Task objective >> Set down the line containing "- WC med varmt" and each line after it through the last line of the records, exactly, leaving pictures out.

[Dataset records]
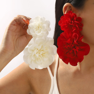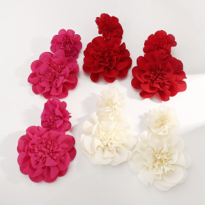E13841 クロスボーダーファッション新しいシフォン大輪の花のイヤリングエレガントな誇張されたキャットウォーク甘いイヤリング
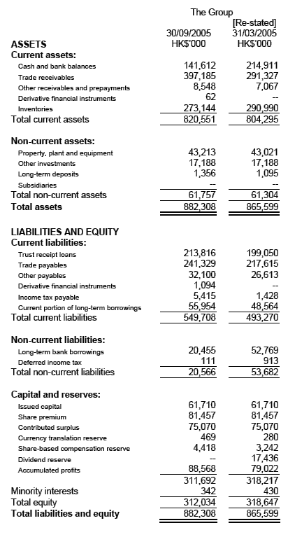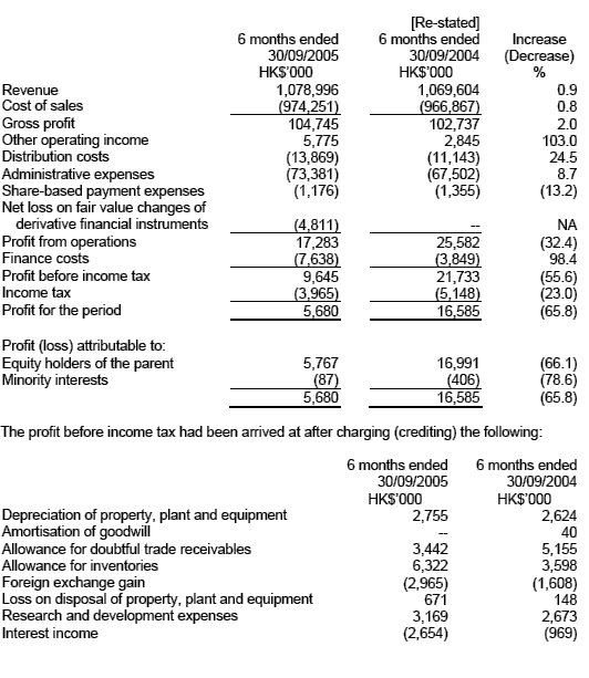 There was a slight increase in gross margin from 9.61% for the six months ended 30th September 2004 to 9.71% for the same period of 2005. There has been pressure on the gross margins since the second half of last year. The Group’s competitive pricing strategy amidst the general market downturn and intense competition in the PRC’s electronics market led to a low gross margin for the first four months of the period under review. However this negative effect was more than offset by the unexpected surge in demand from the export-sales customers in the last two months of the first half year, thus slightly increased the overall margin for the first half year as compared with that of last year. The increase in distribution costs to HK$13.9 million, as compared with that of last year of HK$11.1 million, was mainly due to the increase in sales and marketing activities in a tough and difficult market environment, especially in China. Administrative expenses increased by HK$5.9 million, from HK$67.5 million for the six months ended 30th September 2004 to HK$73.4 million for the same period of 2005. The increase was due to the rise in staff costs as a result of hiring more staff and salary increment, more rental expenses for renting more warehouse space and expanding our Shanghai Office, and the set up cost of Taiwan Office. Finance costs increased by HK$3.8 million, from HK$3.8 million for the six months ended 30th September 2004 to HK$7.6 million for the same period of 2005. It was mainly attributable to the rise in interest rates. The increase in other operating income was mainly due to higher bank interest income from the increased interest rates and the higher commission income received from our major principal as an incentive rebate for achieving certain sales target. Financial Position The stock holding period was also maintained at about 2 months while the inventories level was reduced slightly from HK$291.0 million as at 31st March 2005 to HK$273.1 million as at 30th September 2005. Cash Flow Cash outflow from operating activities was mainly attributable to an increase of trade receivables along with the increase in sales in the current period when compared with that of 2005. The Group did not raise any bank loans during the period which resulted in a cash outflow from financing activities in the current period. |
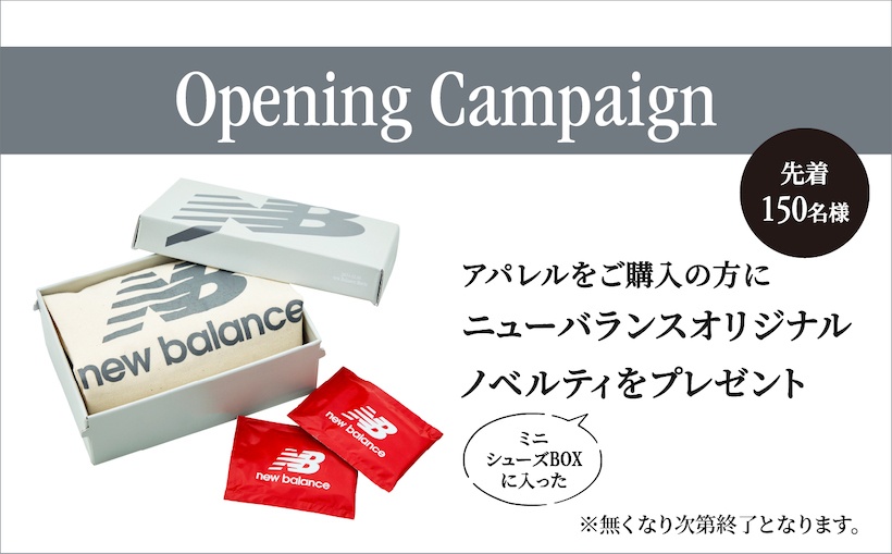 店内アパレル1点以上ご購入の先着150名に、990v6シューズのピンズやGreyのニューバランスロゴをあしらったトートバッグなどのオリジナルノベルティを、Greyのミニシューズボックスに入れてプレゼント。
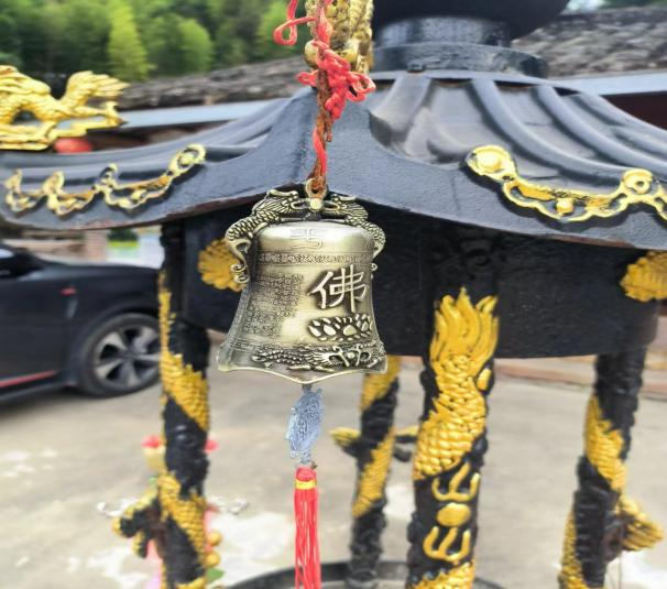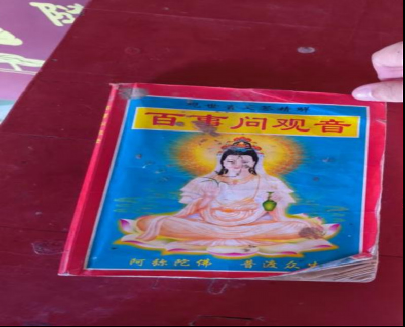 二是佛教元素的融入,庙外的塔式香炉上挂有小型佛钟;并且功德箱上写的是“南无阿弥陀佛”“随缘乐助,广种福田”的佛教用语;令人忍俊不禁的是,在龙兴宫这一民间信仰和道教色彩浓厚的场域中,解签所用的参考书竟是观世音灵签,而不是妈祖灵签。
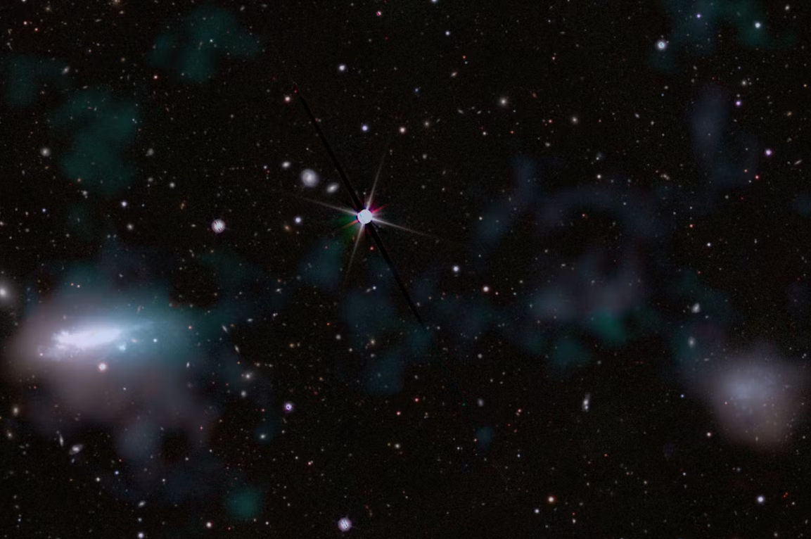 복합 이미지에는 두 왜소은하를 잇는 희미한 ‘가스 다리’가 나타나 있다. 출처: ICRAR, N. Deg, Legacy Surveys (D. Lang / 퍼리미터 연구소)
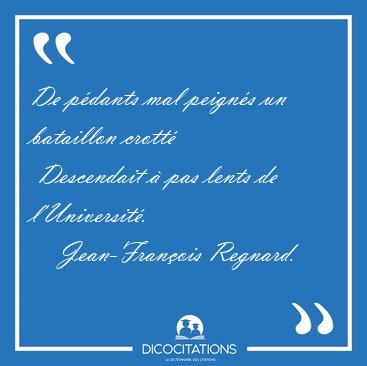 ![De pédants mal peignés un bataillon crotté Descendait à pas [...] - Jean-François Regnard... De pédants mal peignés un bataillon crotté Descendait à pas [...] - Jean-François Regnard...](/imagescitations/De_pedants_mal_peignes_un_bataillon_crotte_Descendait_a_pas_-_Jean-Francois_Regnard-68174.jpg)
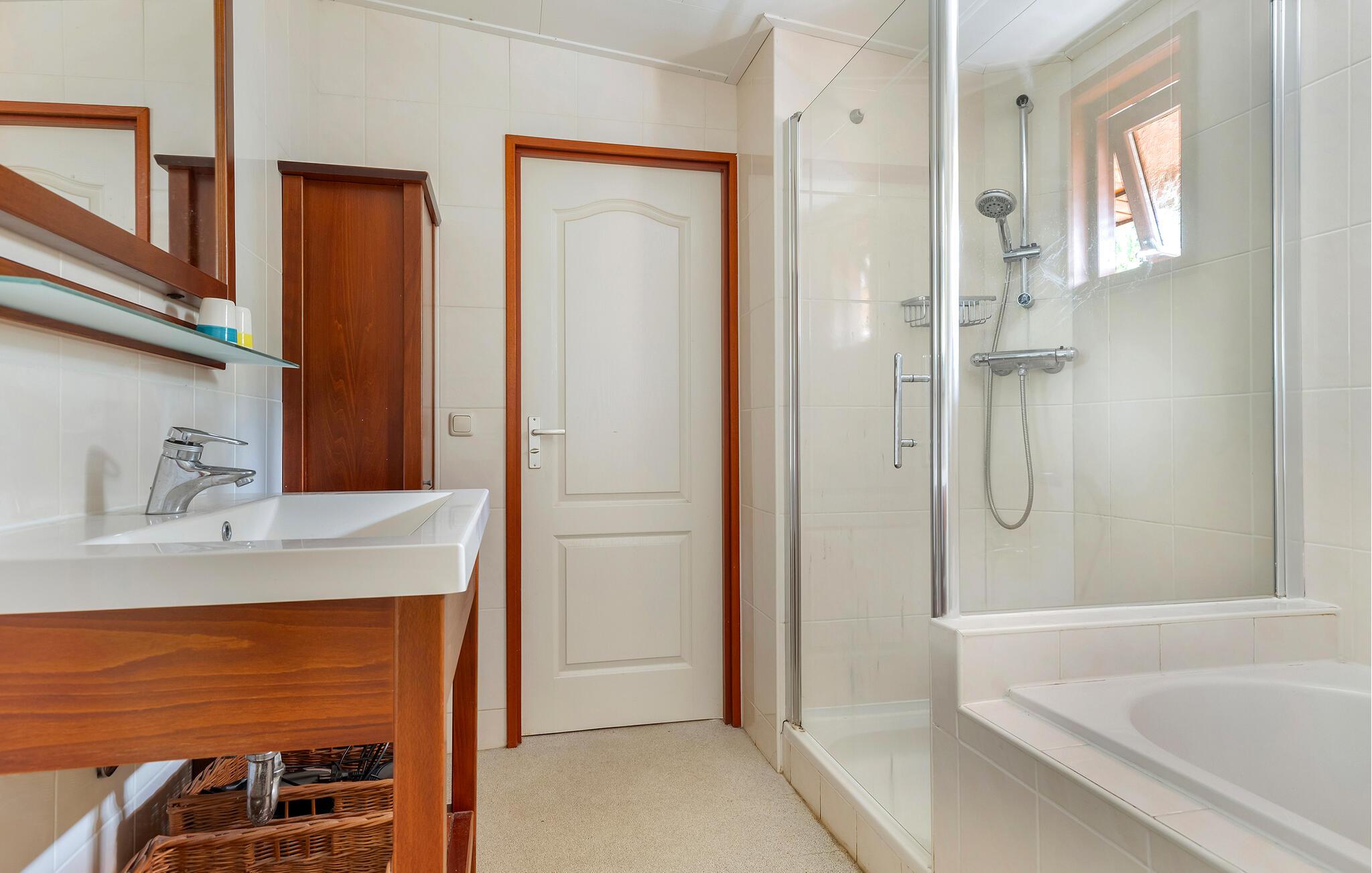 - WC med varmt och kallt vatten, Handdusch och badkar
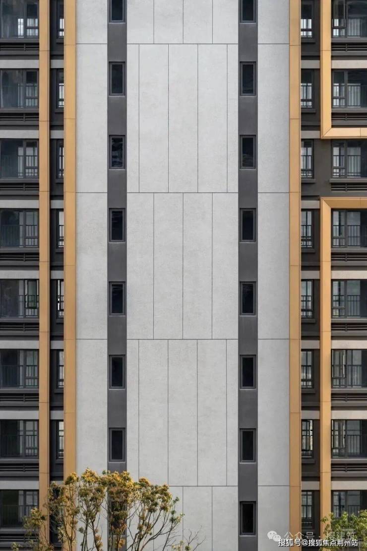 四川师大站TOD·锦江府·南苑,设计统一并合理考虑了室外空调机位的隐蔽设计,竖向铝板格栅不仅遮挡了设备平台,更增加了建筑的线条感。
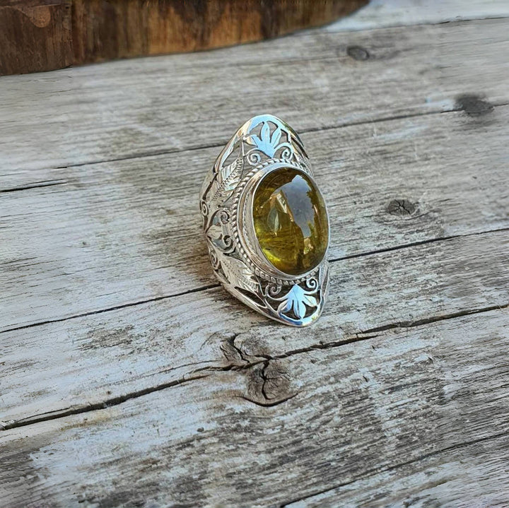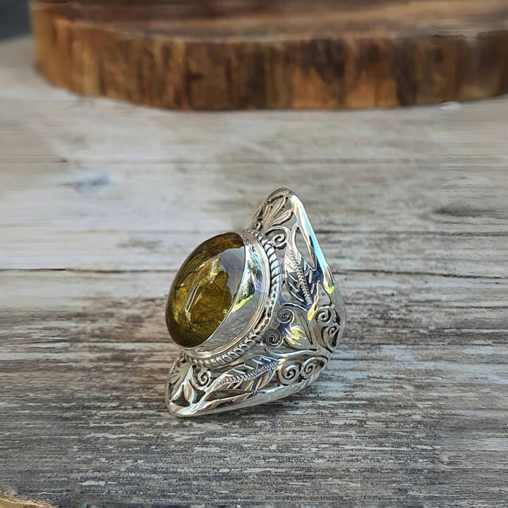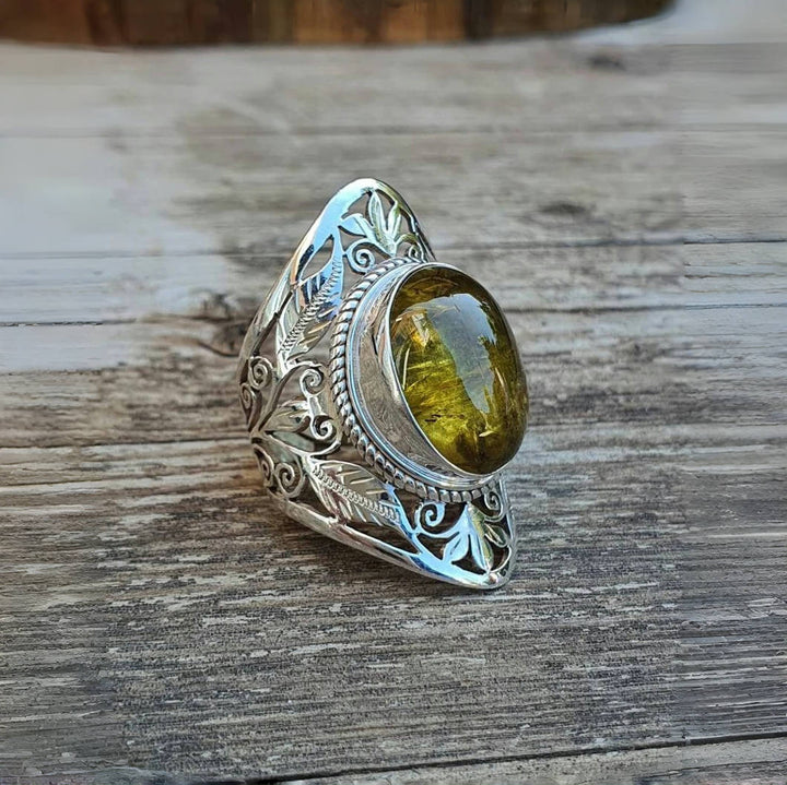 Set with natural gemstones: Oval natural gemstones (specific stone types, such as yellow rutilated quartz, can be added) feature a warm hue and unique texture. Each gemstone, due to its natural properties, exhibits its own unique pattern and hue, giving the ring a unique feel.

Result of the exercise >>
 - WC med varmt och kallt vatten, Handdusch och badkar
 四川师大站TOD·锦江府·南苑,设计统一并合理考虑了室外空调机位的隐蔽设计,竖向铝板格栅不仅遮挡了设备平台,更增加了建筑的线条感。
 Set with natural gemstones: Oval natural gemstones (specific stone types, such as yellow rutilated quartz, can be added) feature a warm hue and unique texture. Each gemstone, due to its natural properties, exhibits its own unique pattern and hue, giving the ring a unique feel.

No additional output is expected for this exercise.